Various inspections on this week – Tuesday Mr. Macleod for French, Wednesday a Miss Goodall for Physical Exercises (I beg their pardon – “Physical Education”), and to-day Mr Macleod again for Intermediate English, Hist., and Geog. To-morrow we issue our June reports, and hope for that day to be left in peace.

I do not think there is much to report in the way of news. The Board appointed a Miss Chessor to the Housecraft vacancy. She had a number of years of teaching experience, if I remember right, in Fraserburgh. I hope the appointment will be a success. I think you knew Mary Mildred was one of the nineteen applicants. I was pleased to see in looking over her certificates that she had made good marks during her training. –  Mamma would have mentioned I suppose that Alfred Roberston was in seeing us on Sunday, also Catherine Maciver’s brother John; and one evening we had another old Nicolsonian in, Angus Smith. He has been away from Story for the last 17 years and has been in France with the Canadians during the past year. He is a very nice man.

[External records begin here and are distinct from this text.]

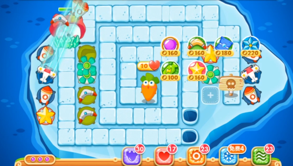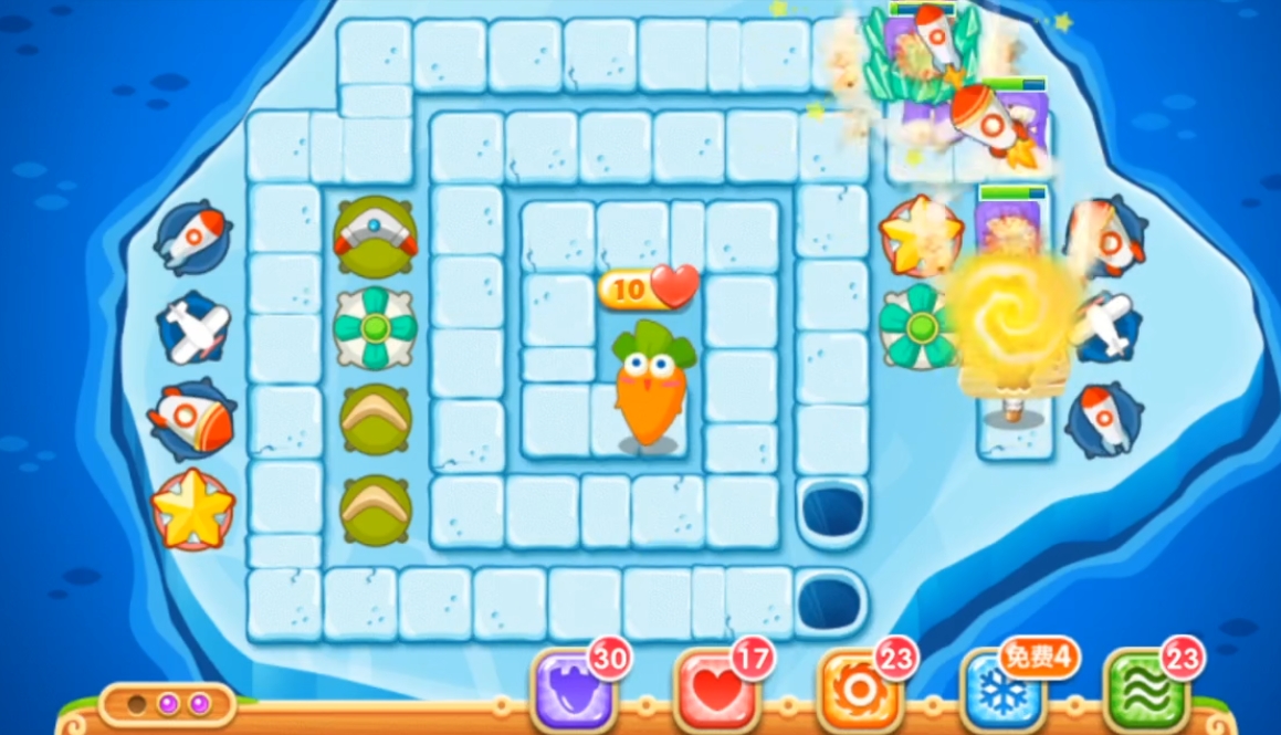 这关想拿金萝卜必须同时完成三个额外任务,所以每一步都要规划好。开局火箭清障、中期魔法球主力输出、后期减速控场,按这个节奏来就能稳稳过关。如果第一次没成功也别急,多观察怪物路线和炮塔覆盖范围,微调几次就能找到最适合自己的打法啦!
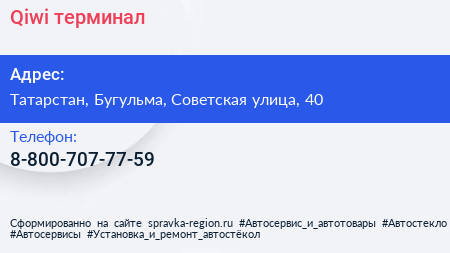 Qiwi, терминал по адресу Татарстан, Бугульма, Советская улица, 40 в дальнейшем Организация, размещена в следующих категориях:
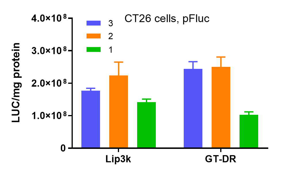 图3. 长春金传科技有限公司的GoldenTran-DR产品在CT26细胞内转染pFluc质粒48h的转染效率。不同颜色柱子代表转染试剂与pDNA的体积质量比(μL:μg)。
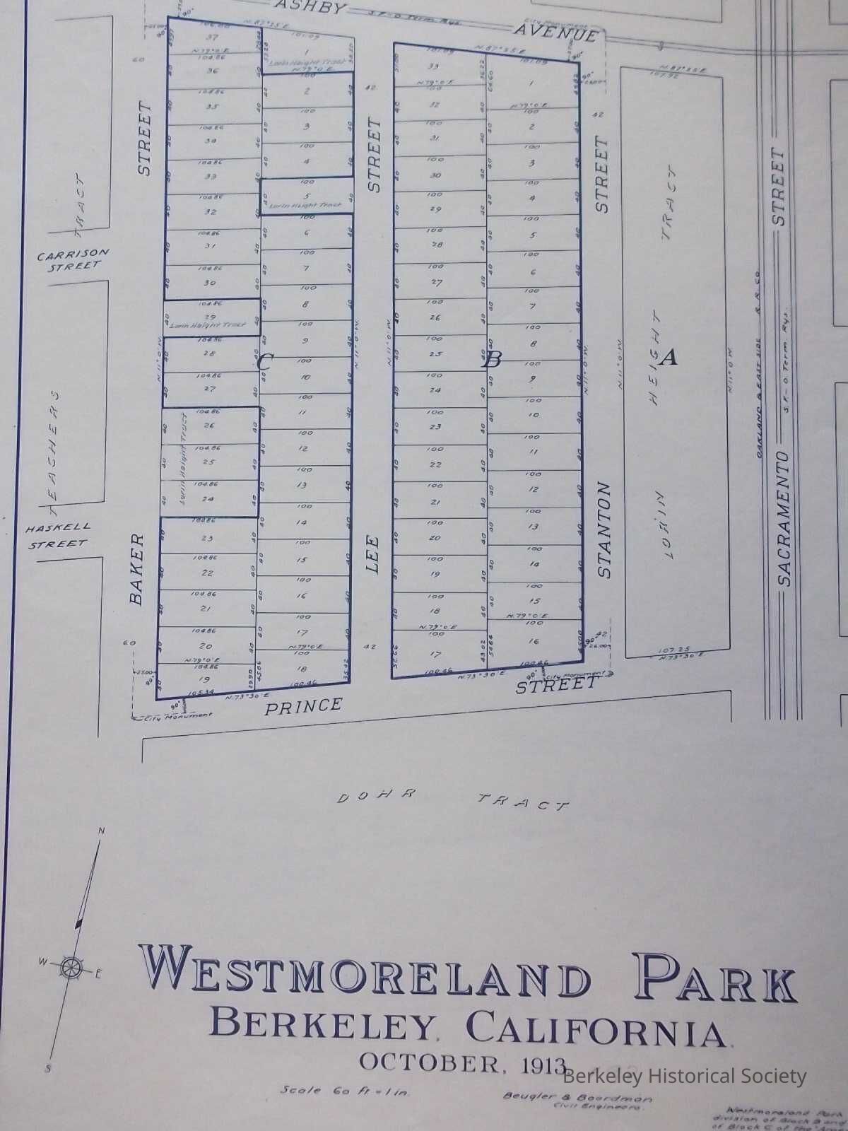 Tract Map. south of Ashby west of Sacramento, Adjacent to Teachers Tract, Mountain View Tract, Portion of plot 55, V&D Peralta Ranch, Lorin Heights Tract, Dohr Tract. Westmoreland Park is a resubdivision of a portion of block B and a portion of block C of the 'Amended map of the Lorin Height Tract' etc., filed Sept. 22, 1890 in the office of the Recorder of Alameda County, Cal.
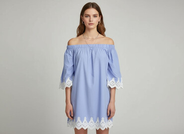 Sukienka dżinsowa damska, utrzymana w jasnoniebieskim kolorze. Charakteryzuje się koronkową górą, która dodaje jej lekkości. Fason bez rękawów sprawia, że jest to odpowiedni wybór na cieplejsze dni...
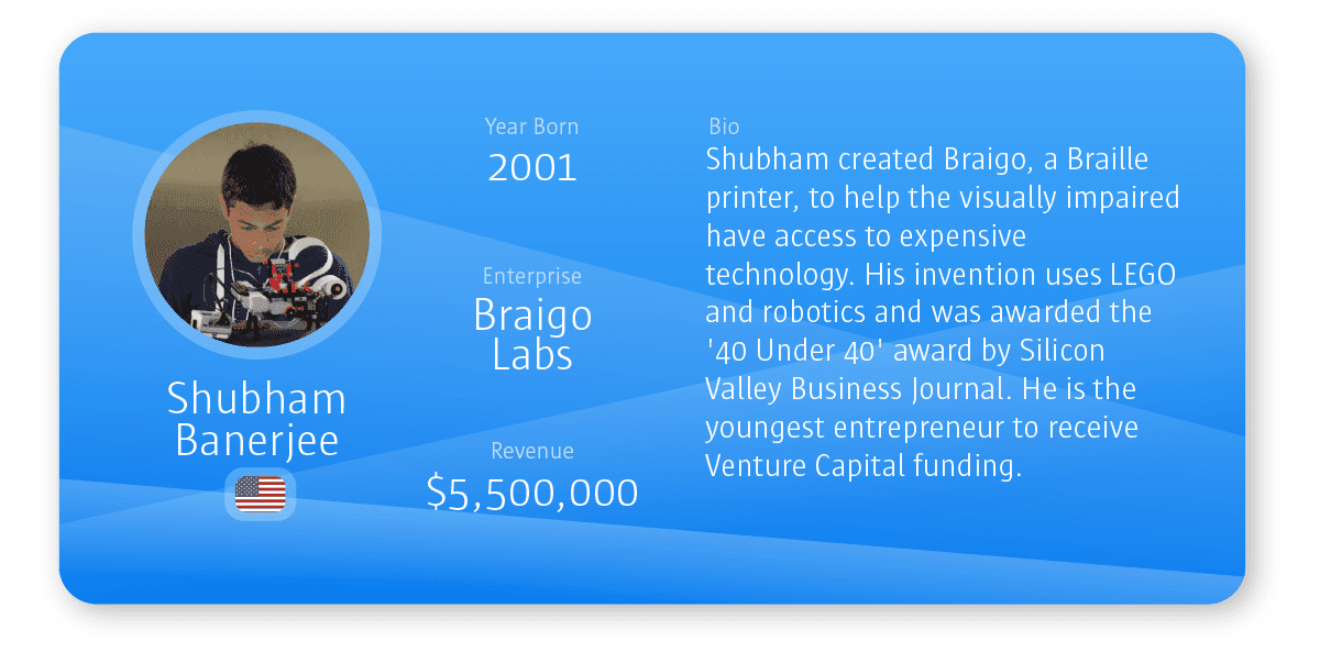 - Braigo – Created by Shubham Banerjee when he was just 12 years old, this company creates Braille printers to help the visually impaired access expensive technology. His invention uses LEGO and robotics to design a product and sell it at less than half the price of others on the market. Banerjee is the youngest entrepreneur to receive funding.
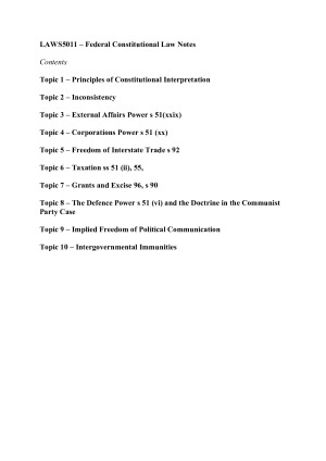 Comprehensive Fed Con scaffolds used to learn the course. Scored a HD using these detailed, easy to follow scaffolds. Topics covered: Topic A: Principles of Constitutional Law/ Trade & Commerce Power Topic B: Inconsistency Topic C: External Affairs Power Topic D: Corporations Power Topic E: Freedom of Interstate Trade Topic F: Taxation and Grants Topic G: Defence Power Topic H: Implied Freedom of Political Communication Topic I: Intergovernmental Immunities
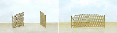 Modellfoto: Bahn- und Industriezaun, Doppelflügeltor, 2 Pfosten, ca. 78 mm lang u. 24 bzw. 29 mm hoch (Original 7m x 2,10 bzw. 2,50), Art. 8077
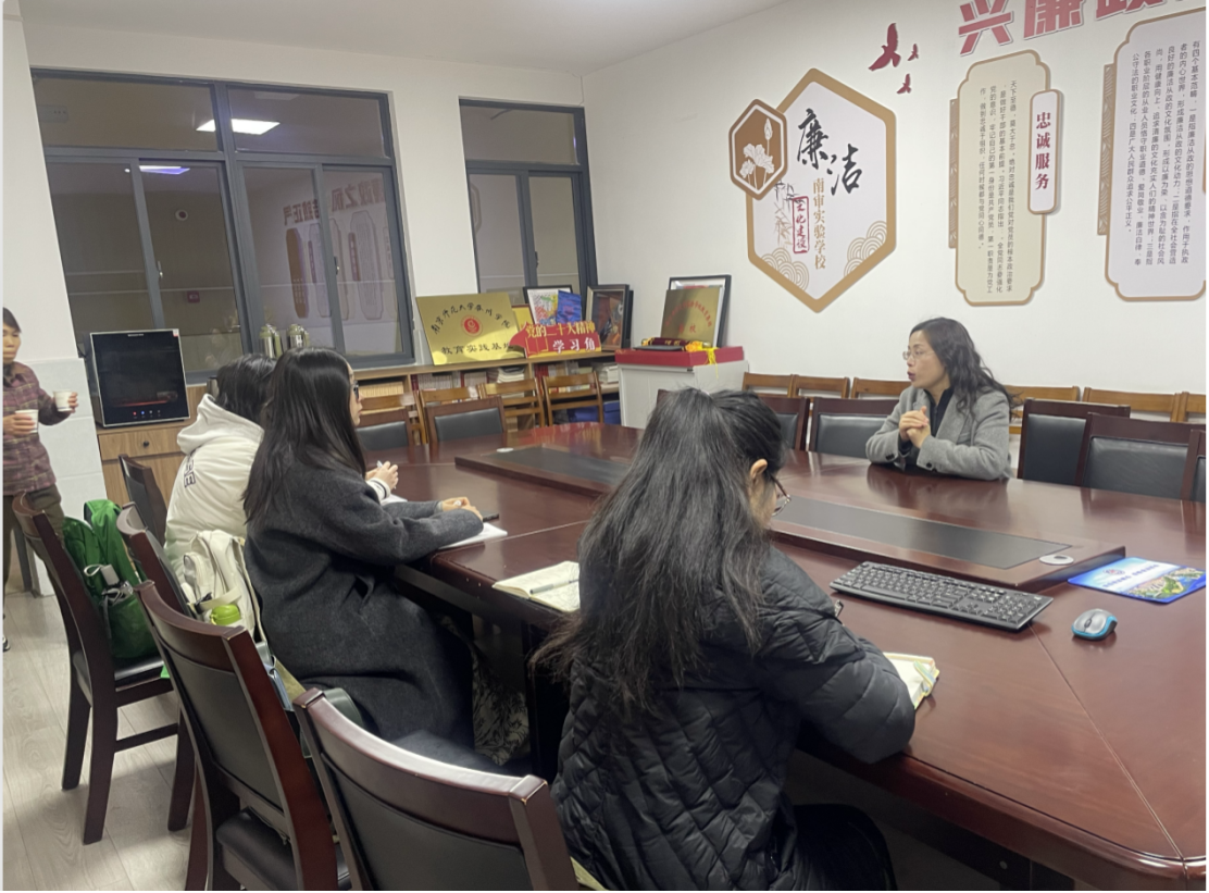 上午,李佳、高惠老师首先来到南审附属实验学校。在校办陈主任的带领下,两位老师实地走访了校园环境,了解了实习生的日常工作安排,并与实习生亲切交谈。双方围绕实习细则、时间分配、实习目标等进行了深入沟通。

He has left a wife and two children in Canada and come over to bear his share.

Miss Angus has a moss-picking company established now, and is sorry she did not arrange it sooner*. Mrs Menzies came in last night to see Mamma, while waiting an hour before going to the prayer-meeting.

Mamma visited Mrs. Smith, Springfield, yesterday, and Mrs. Morison this afternoon. Maud had written to her mother about your new jumper, so it has evidently made a worthy impression on your friends.

As all our photographic experts are away, I offered to take some snapshots of the sixth that they might not be without a 1917 picture. They turned out not so badly for a first effort at a group. I am enclosing two.

Must stop – time for post!

Best love from both.

Papa.

*During the War, sphagnum moss, or ‘bog moss’, was harvested and dried on an industrial scale, for use in dressing wounds. It was mildly antiseptic and could soak up a lot of fluid.